さぶはさながら聖書的な「待ち続ける人」。そんなさぶに悪魔が取り憑いたかのように告白させる演出には驚いたが、結末では栄二に何も語らせなかった映画の方が好きだ。柳の枝をつかんでただ嗚咽する栄二の背中に語りかけるさぶ、これで涙腺は決壊しました😭
映画と原作は少し違っていた。小説では、栄二が石川島の人足寄場の体験を通して大きな視点を手にする所が描かれていた。スピでいうワンネスみたいな つながり感覚。
この世に完璧な人間など一人もいない、物事をやや狭く捉えがちだった人間が再起する。たった一度の挫折で物事を諦めていいはずがない。

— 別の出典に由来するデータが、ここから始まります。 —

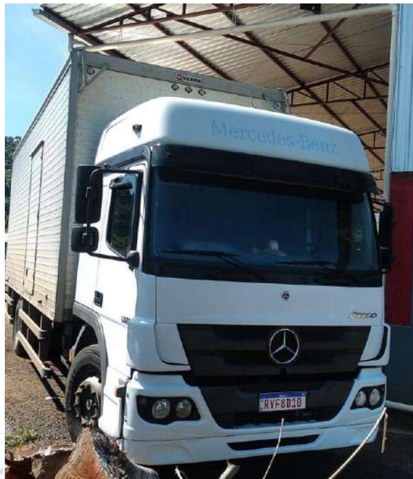
Caminhão Placa RYF8D10

この作品は友情などという言葉で片付けられる陳腐な話ではない。もっと、人が生きることの意味を極限まで見つめていた。人間はどこまでそこにいないものを信じることができるのか。信じ抜けるのか。待つ人がいる限り何度でも立ち上がることができる。人の生きる価値はそこにしかないのかもしれない。何度も勇気をもらえる作品。